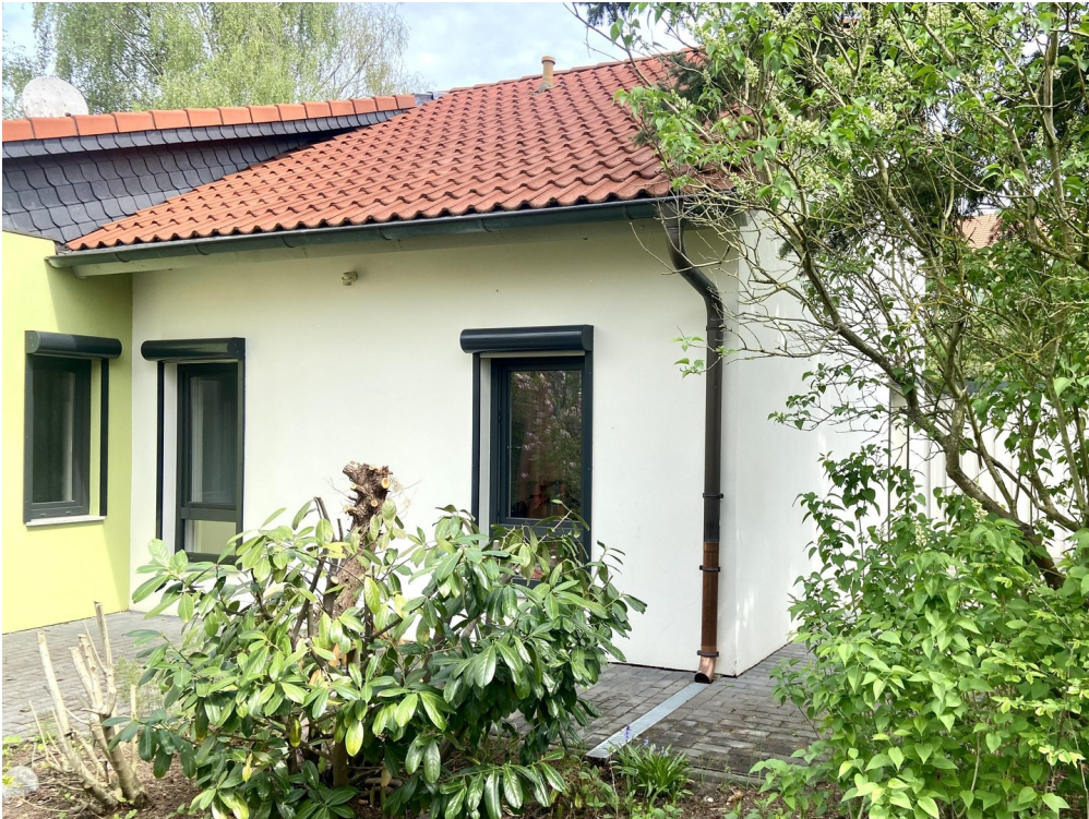
Fenster zu Kzi 1
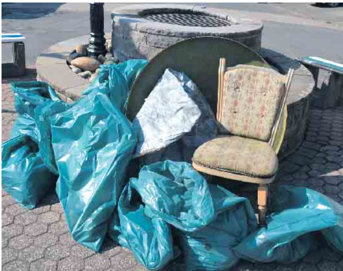
In Rauschendorf türmte sich der Müll zur Abholung durch den Baubetriebshof auf dem Platz vor der Kapelle

Oberpleis stellte auf Anfrage die benötigten Müllsäcke, Arbeitshandschuhe und Greifzangen zur Verfügung und holte nach Abschluss der Aktion das Gesammelte ab.
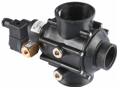
EMVP 50 230V-AC 3/2 NO

La electroválvula EMVP se suministra como producto listo para su conexión.
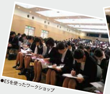
●ESを使ったワークショップ
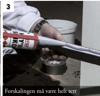
3 Forskalingen må være helt tett
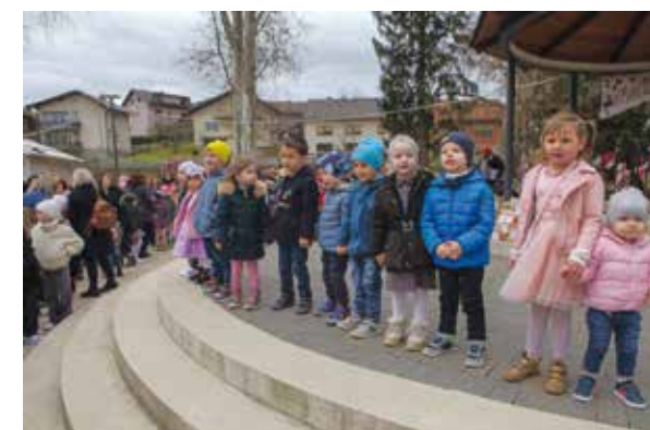
Ovo je pravo svatovsko veselje!

Manifestaciju su organizirali Udruga Nada i dječji vrtići Ivančice, Bambija i Svijeta mašte, a novčani i logistički podupro ju je Grad Ivanec
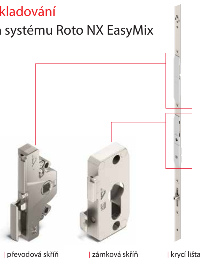
| převodová skříň

Systém EasyMix prezentuje krycí lišty a skříň převodu, příp. zámku, které je možné do sebe zasadit a dosáhnout tak pevného spojení, aniž by bylo nutné použít šroubové spojení.
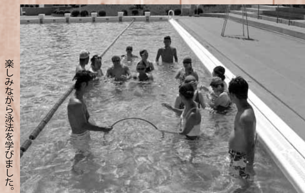
楽しみながら泳法を学びました。
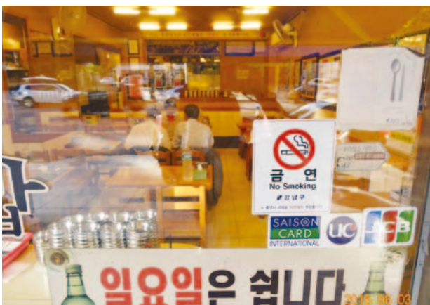
ピョンチャン大会が開催される韓国の飲食店は禁煙

=== PROBLEM DETAILS ===
The lines to repeat start at the one holding "Oberpleis stellte auf" and run through the last line of the records above; write them out exactly, both ends included, but not the pictures.

=== EXERCISE RESPONSE ===
Oberpleis stellte auf Anfrage die benötigten Müllsäcke, Arbeitshandschuhe und Greifzangen zur Verfügung und holte nach Abschluss der Aktion das Gesammelte ab.
EMVP 50 230V-AC 3/2 NO

La electroválvula EMVP se suministra como producto listo para su conexión.
●ESを使ったワークショップ
3 Forskalingen må være helt tett
Ovo je pravo svatovsko veselje!

Manifestaciju su organizirali Udruga Nada i dječji vrtići Ivančice, Bambija i Svijeta mašte, a novčani i logistički podupro ju je Grad Ivanec
| převodová skříň

Systém EasyMix prezentuje krycí lišty a skříň převodu, příp. zámku, které je možné do sebe zasadit a dosáhnout tak pevného spojení, aniž by bylo nutné použít šroubové spojení.
楽しみながら泳法を学びました。
ピョンチャン大会が開催される韓国の飲食店は禁煙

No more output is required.